Task instructions: Output each entry verbatim and exclude every picture from it.

# # # # #

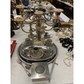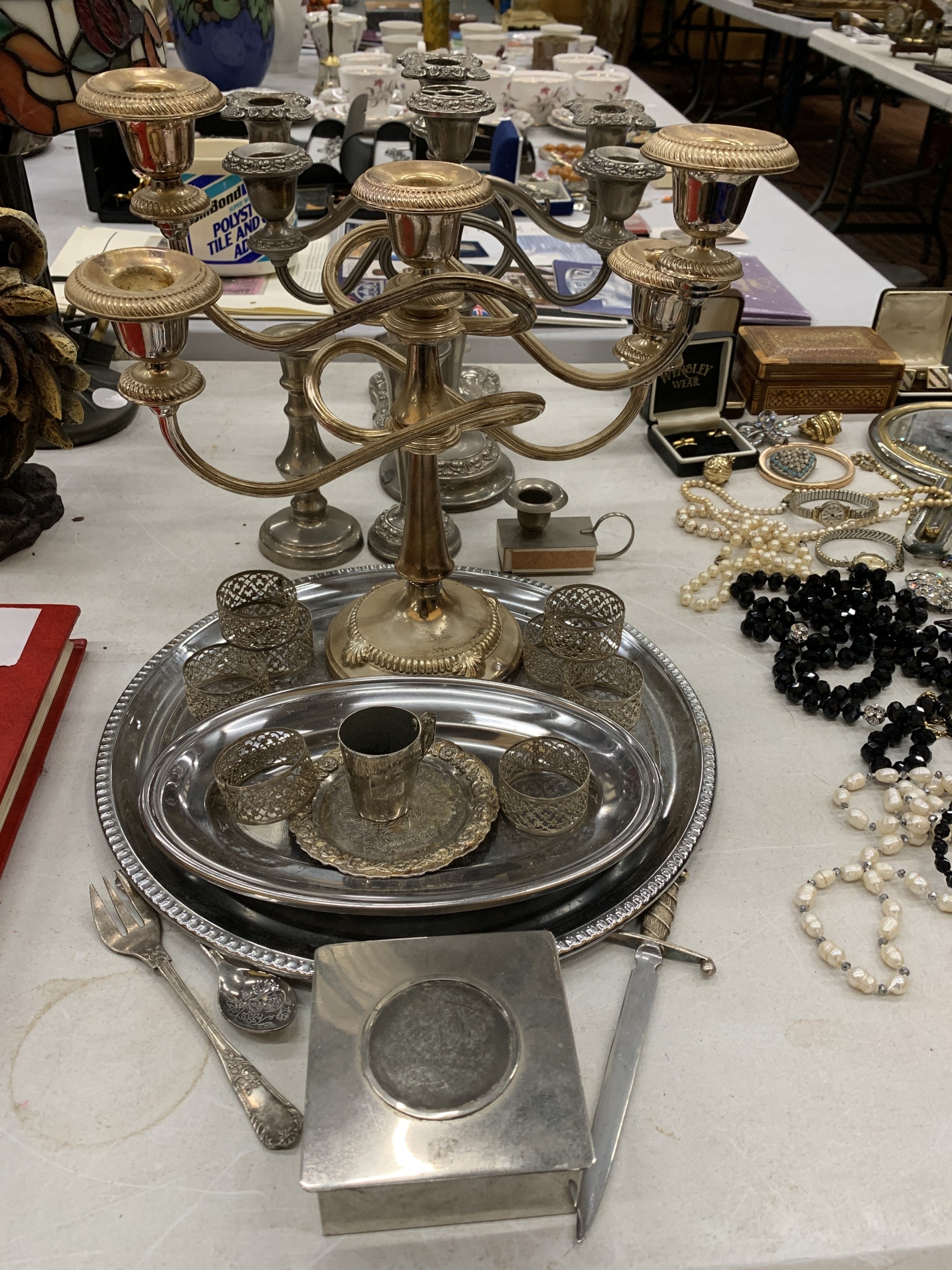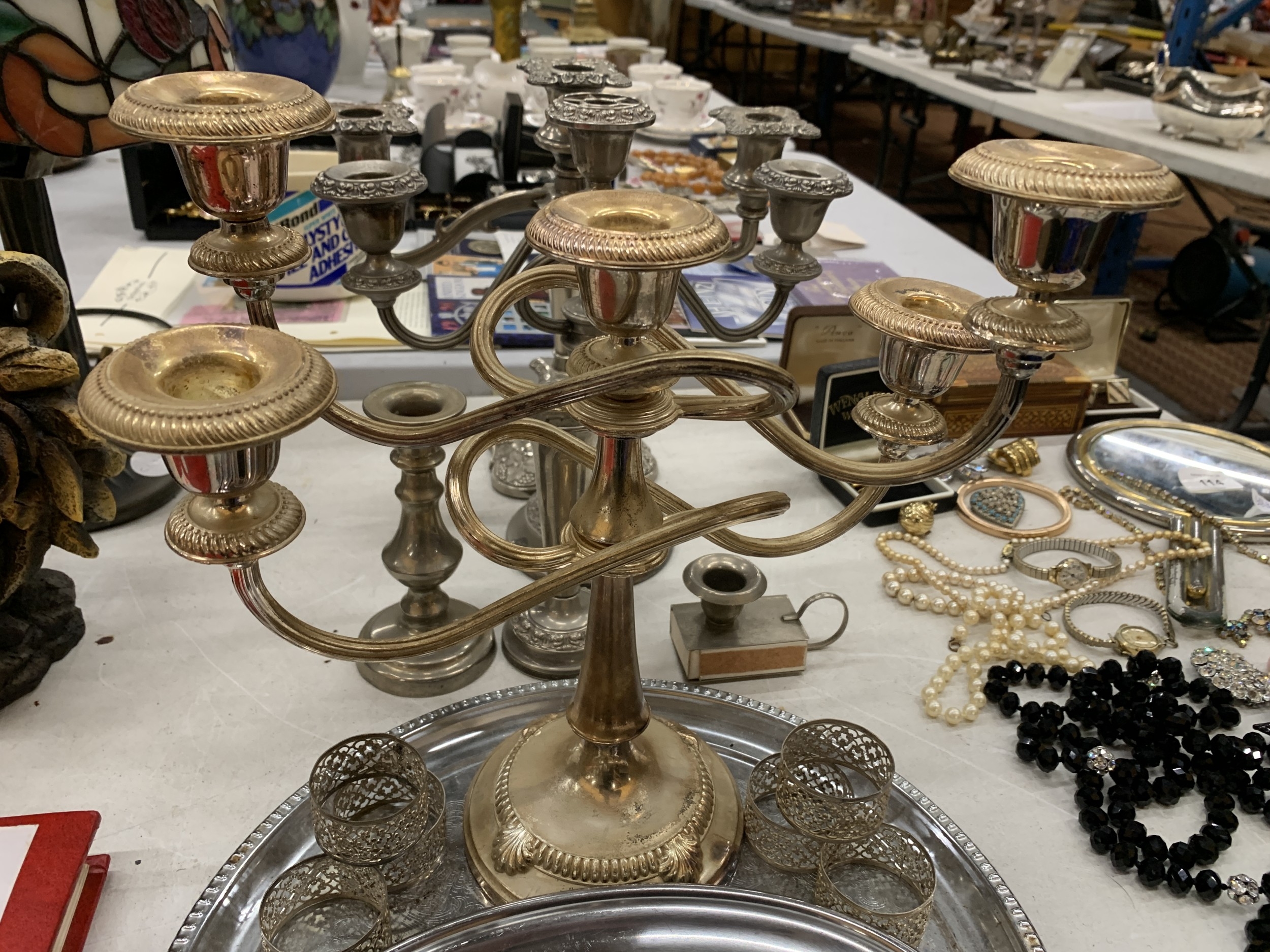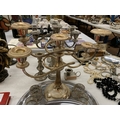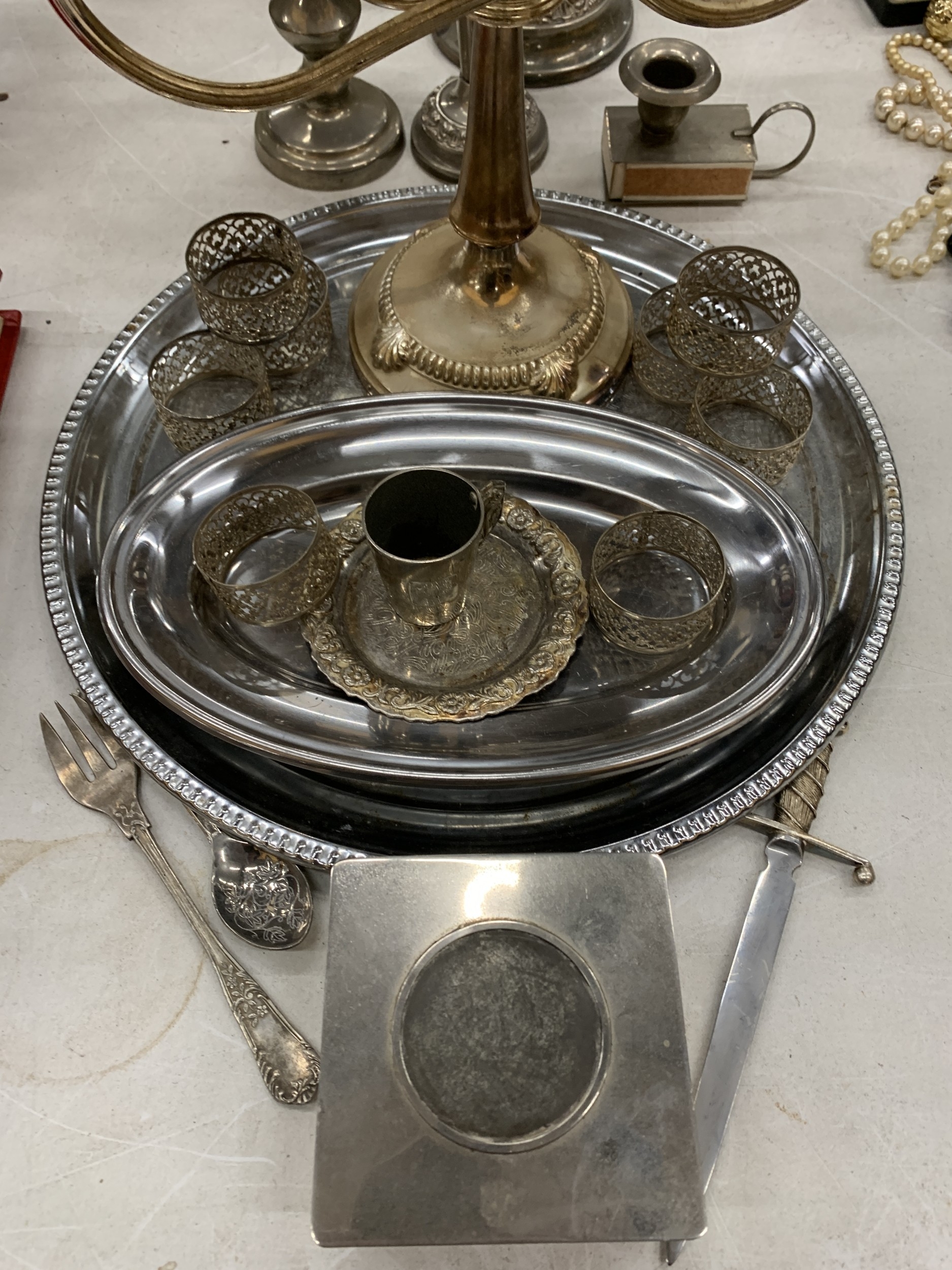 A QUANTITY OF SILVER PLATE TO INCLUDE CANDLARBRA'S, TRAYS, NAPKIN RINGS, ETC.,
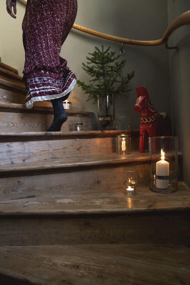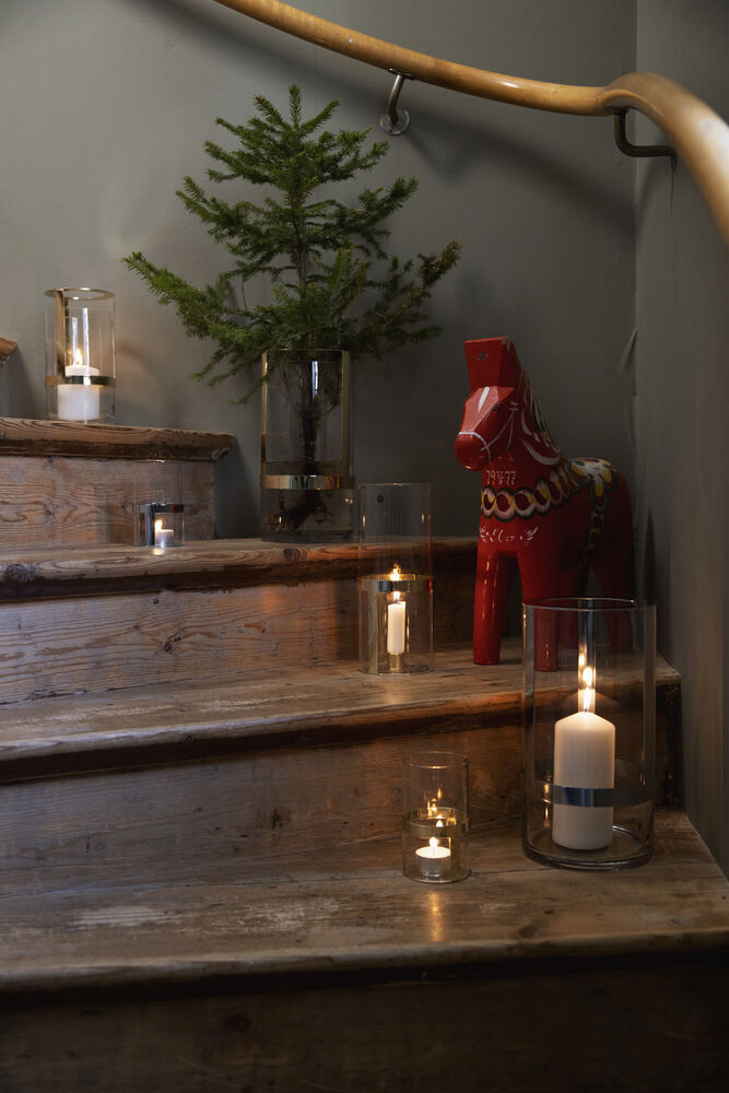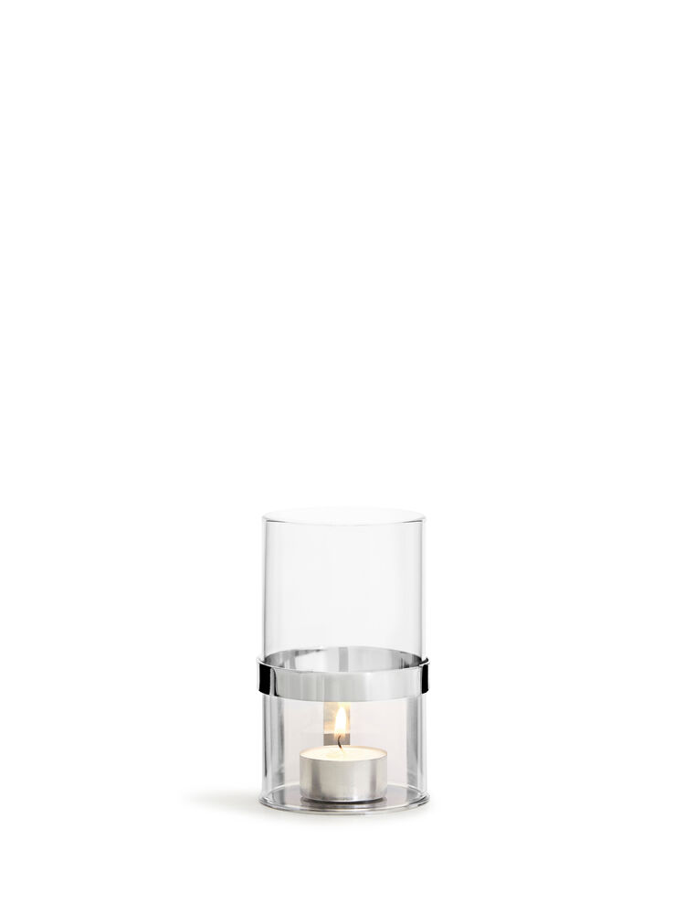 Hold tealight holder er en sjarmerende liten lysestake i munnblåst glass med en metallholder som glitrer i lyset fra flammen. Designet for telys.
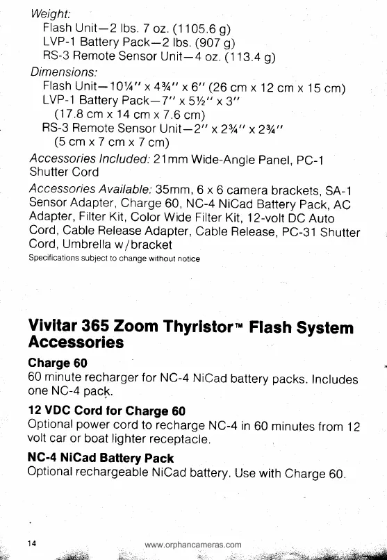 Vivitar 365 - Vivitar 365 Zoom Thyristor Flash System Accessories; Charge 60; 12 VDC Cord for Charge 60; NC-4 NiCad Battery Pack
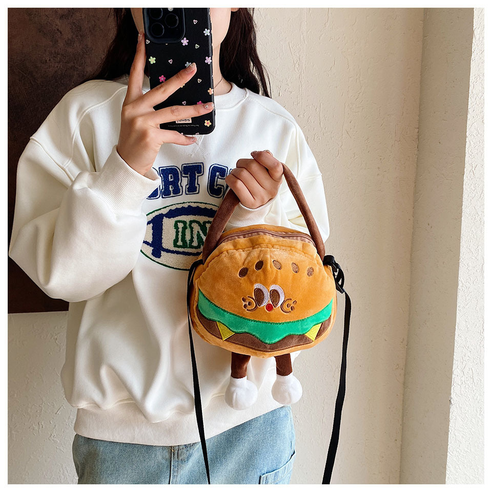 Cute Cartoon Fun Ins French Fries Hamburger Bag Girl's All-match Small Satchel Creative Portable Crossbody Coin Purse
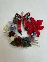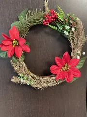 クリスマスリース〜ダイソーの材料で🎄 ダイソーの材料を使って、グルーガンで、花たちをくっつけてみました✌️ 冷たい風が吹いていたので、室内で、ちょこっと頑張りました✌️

# # # # #

Task solution:
 A QUANTITY OF SILVER PLATE TO INCLUDE CANDLARBRA'S, TRAYS, NAPKIN RINGS, ETC.,
 Hold tealight holder er en sjarmerende liten lysestake i munnblåst glass med en metallholder som glitrer i lyset fra flammen. Designet for telys.
 Vivitar 365 - Vivitar 365 Zoom Thyristor Flash System Accessories; Charge 60; 12 VDC Cord for Charge 60; NC-4 NiCad Battery Pack
 Cute Cartoon Fun Ins French Fries Hamburger Bag Girl's All-match Small Satchel Creative Portable Crossbody Coin Purse
 クリスマスリース〜ダイソーの材料で🎄 ダイソーの材料を使って、グルーガンで、花たちをくっつけてみました✌️ 冷たい風が吹いていたので、室内で、ちょこっと頑張りました✌️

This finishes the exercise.